In order to proceed we need to do the following:
A. Create an Active Direcetory User group named “RetailHQMessageDBusers”
B. Add the Domain Account running the Application Pool to our User Group
C. In SQL Server Management Studio add a user Login for the Group “RetailHQMessageDBusers” and give it the permissions to the Async Server Message Database.
D. In SQL Server Management Studio add the AOS Account as a login and give it Permissions to the Async Server Message Database.
** For the Connection String portion we can set this after we install the IIS Web Parts section.
9. Now that we’ve created the correct permissions we can install the IIS Portion of the Async Server. *****Remove all the <!– and –> we entered into the SS-Topology.xml file earlier.
10. Edit the SS-Settings.xml file and change the following:
A. InstallDatabase == False.
B. IntallSynchService == True
C. HQMessageDatabaseServerName == Name of Machine that is hosting IIS.

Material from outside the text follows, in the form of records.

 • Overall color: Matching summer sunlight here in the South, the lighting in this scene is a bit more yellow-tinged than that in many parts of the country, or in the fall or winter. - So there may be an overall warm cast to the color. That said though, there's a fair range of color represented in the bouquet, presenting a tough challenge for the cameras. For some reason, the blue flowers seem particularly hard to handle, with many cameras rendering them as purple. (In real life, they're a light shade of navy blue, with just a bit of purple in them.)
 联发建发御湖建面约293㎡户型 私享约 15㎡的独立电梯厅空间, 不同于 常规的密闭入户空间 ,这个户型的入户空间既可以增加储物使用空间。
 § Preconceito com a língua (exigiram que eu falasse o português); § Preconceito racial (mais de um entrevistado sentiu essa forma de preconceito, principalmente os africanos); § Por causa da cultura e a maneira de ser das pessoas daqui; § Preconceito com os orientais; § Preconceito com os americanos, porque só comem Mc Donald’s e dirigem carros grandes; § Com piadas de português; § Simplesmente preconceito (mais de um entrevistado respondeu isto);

D. HQMessageDatabaseServerNamedInstanceName == “”
Your SS-Settings.xml file should now look like this: (Remember to populate all of the additional Website Values as listed in Technet)
<Setting key=”HQMessageDatabaseServerName” value=”MYIISMachine” />
<Setting key=”HQMessageDatabaseServerNamedInstanceName” value=”” />
<Setting key=”HQMessageDatabase” value=”AsyncServerMessageDatabase” />
<Setting key=”InstallDatabase” value=”false” />
<Setting key=”InstallSynchService” value=”true” />
<Setting key=”WebApplicationServiceBinarySourceFolder” value=”C:\Program Files (x86)\Microsoft Dynamics AX\60\CDX\Async Server\package” />
11. Save your changes to the SS-Settings.xml file
12. Edit the SS-Topologyl.xml file, and modify the below sections so that the Installer will user our Domain User Group and not a Local User Group. Remember by removing the [ ] we are forcing the installer to use the value we entered here.

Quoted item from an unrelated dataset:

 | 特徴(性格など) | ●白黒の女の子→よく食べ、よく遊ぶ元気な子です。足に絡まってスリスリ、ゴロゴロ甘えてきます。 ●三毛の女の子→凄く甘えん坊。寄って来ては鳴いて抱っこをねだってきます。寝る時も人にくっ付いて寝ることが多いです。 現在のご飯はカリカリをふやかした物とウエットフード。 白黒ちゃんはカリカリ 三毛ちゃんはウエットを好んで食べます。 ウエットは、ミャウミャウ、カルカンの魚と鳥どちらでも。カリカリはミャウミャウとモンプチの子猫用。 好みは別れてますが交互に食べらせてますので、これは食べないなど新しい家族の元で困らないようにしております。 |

<WindowsLogin id=”RetailHQMessageDBUsers” GroupName=”YOURDOMAINNAME\RetailHQMessageDBUsers” CreateIfNotExists=”true” MappedSqlRoleName=”db_datareader” />
//<WindowsLogin id=”RetailHQMessageDBUsers” GroupName=”YOURDOMAINNAME\RetailHQMessageDBUsers” CreateIfNotExists=”true” MappedSqlRoleName=”db_datawriter” />
<WindowsLogin id=”RetailHQMessageDBUsers” GroupName=”YOURDOMAINNAME\RetailHQMessageDBUsers” CreateIfNotExists=”true” MappedSqlRoleName=”db_executor” />
13. Save your changes to the SS-Topology.xml file
14. Finally on the machine that is going to be hosting IIS, run the PowerShell install commands the same as before. This will then install the IIS Components and configure the Website.
15. Once the installation finishes, located the Web.config file in C:\Program Files (x86)\Microsoft Dynamics AX\60\CDX\Async Server\Package
16. Locate the below Section and verify it is point to your SQL Cluster, if not update it as below.
<connectionStrings>
<add name=”HQMessageDBConnectionString” connectionString=”Server=AGCluster;Database=AsyncServerMessageDatabase;Trusted_Connection=Yes;Encrypt=true;TrustServerCertificate=true” />
</connectionStrings>
Although it a bit of manual work to setup the end result is definitely worth it. As always I hope you found this information useful in your R3 Implement endeavors.